Regina Maria Rabello Borges
Professora da Faculdade de Educação – PUCRS
regina.ez@terra.com.br

Karine Rabello Borges
Aluna do Curso de Psicologia – PUCRS

 
Resumo

    Este estudo visa à atualização de uma pesquisa envolvendo concepções sobre a natureza do conhecimento científico e a educação em Ciências entre licenciandos de cursos de Ciências Biológicas, comparando os resultados da pesquisa realizada dez anos atrás (Borges, 1991) com dados atuais, obtidos entre alunos da disciplina Prática de Ensino de Biologia, na PUCRS, em 2001. Foi aplicado o mesmo instrumento de pesquisa, submetido, igualmente, a uma análise de conteúdo. Os resultados dessa análise indicam 20 % dos alunos como empiristas e indutivistas, 25 % como empiristas, mas com ressalvas, sendo que 25 % foram categorizados como indefinidos quanto à opção epistemológica, ou por não se posicionarem claramente ou por concordarem com idéias contraditórias.
 
 

Abstract

    This study intends to update a research on the conceptions on the nature of scientific knowledge and Science Education among student teachers in Biological Sciences courses, comparing the results with a study conducted ten years ago(Borges, 1991) with updated data, obtained with students of Teaching Practice in Biology, in PUCRS, in 2001. The same research instrument was applied. Content analysis was used. The results of the analysis indicate that 20% of the students carry empiricist and inductivist conceptions, 25% are empiricists but conscious of some of its limitations. 25% were cathegorized as with no clear epistemological option, because either not assuming a clear position, or accecpting contradictory ideas.
 
 

Introdução

    Considerando que há uma relação entre concepções sobre a natureza do conhecimento científico e concepções sobre a educação em ciências (Zylbersztajn e Borges, 1995), é importante verificar como essa reflexão se reflete, ou não, em cursos de formação de professores.

    Em pesquisa anterior, que resultou numa dissertação de mestrado (Borges, 1991) com orientação de Arden Zylbersztajn, na UFSC, foi constatada a predominância da concepção empirista. Considerando o tempo decorrido, convém atualizar esse resultado. Foi realizada, portanto, uma pesquisa envolvendo alunos do curso de Licenciatura em Ciências Biológicas, em sala de aula, na disciplina Prática de Ensino de Biologia, aplicando o instrumento de pesquisa que foi utilizado para identificar concepções sobre cientificidade entre licenciandos em Ciências, Química, Física e Biologia em 11 Instituições de Ensino Superior do Rio Grande do Sul.

    Portanto, a partir da apresentação desse instrumento de pesquisa e da metodologia adotada em sua aplicação e análise, serão analisados os dados obtidos na pesquisa mais recente, comparando-os com os que foram identificados na pesquisa anterior e refletindo sobre as variações encontradas.
 
 

Instrumento de pesquisa

    O instrumento de pesquisa utilizado nesta pesquisa é uma variação de outro, criado por Zylbersztajn (1986). É composto por pequenos textos que resumem algumas visões sobre a natureza das ciências, designados pelas letras L, P, K, F, B, E. É apresentado no livro "Em debate: cientificidade e a educação em ciências" (Borges, 1996), que foi distribuído aos alunos da disciplina mencionada. Segue-se a caracterização das idéias contidas nesses textos.

Texto L - Visão tradicional das ciências, com ênfase no método científico empirista e indutivista, que parte de observações à formulação de teorias. Nessa concepção, o conhecimento científico é considerado como certo e seguro, por partir de evidências observacionais e experimentais.

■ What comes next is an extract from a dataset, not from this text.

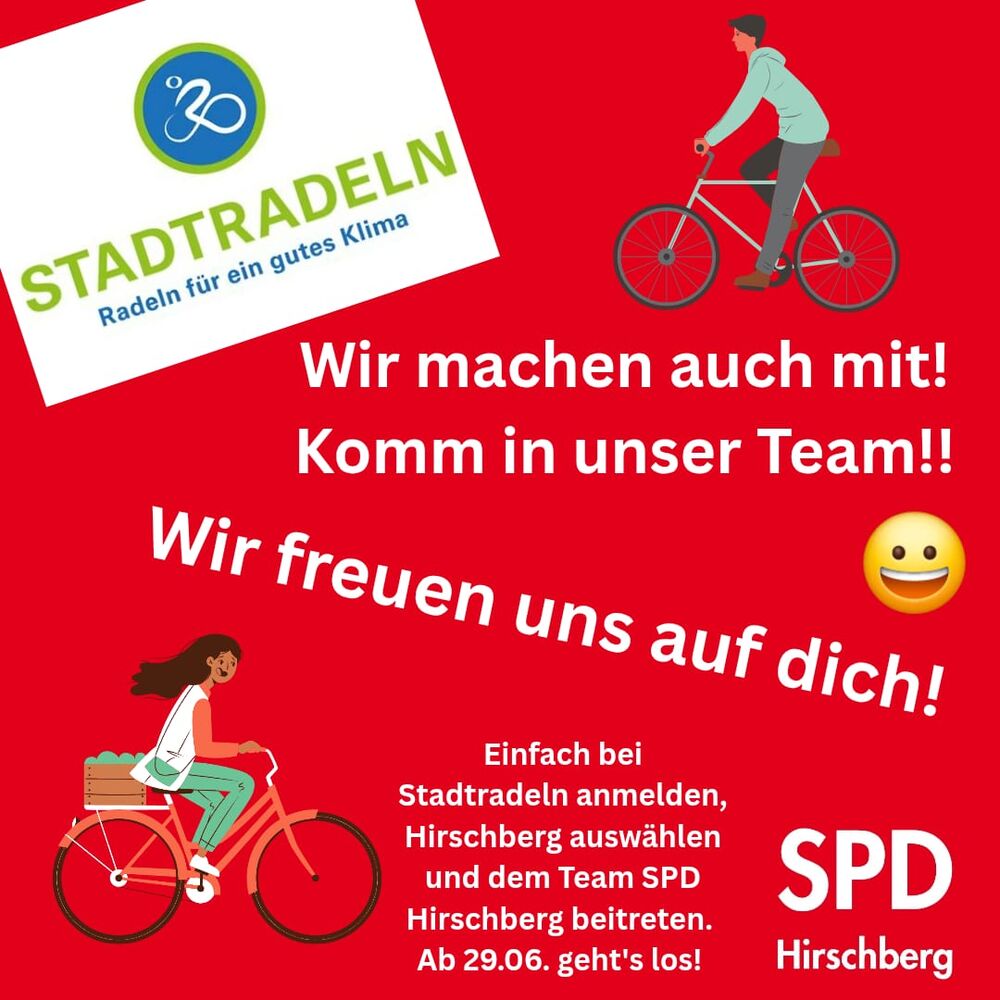 Bist auch du ein passionierter Radler oder eine Radlerin? Wir lieben Radfahren! Deshalb sind auch wir von der SPD Hirschberg bei Stadtradeln dabei. Mach mit! Lass das Auto stehen und schwing dich auf den Sattel. Keine Lust auf Stau, rote Ampeln und Abgase? Wir auch nicht. Deshalb machen wir auch dieses Jahr wieder mit und freuen uns, wenn auch du mitradelst. Wir freuen uns auf dich!

Texto P - Visão falseacionista, relacionada ao racionalismo critico de Karl Popper, pelo qual nenhuma teoria pode ser considerada como absolutamente certa: é possível refutar, mas jamais comprovar uma teoria. Popper, em 1935, propôs esse critério da falsificabilidade das teorias para caracterizar o conhecimento científico.

Texto K - Visão contextualista proposta por Thomas S. Kuhn, em l962, ao considerar como ciência apenas o que os cientistas aceitam por consenso, no contexto de comunidades científicas conservadoras e resistentes a mudanças.

Texto B - Visão dialética do conhecimento científico. Corresponde ao racionalismo aplicado de Gaston Bachelard, pelo qual a ciência exige romper com o senso comum que direciona nossas percepções, pois as observações são influenciadas por conhecimentos e teorias prévias.

Texto F - Visão relativista de Paul Feyerabend sobre a metodologia científica, considerando a diversidade de métodos nas diferentes ciências, a inexistência de regras de pesquisa que não tenham sido violadas e a necessidade de tais violações para o progresso.

Texto E - Visão externalista das ciências. Ao contrário dos textos anteriores, que abordam questões epistemológicas (internalistas) ao analisar a construção do conhecimento pelas comunidades científicas, esse texto destaca a influência de fatores externos (sócio-políticos, econômicos, culturais) que direcionam as investigações.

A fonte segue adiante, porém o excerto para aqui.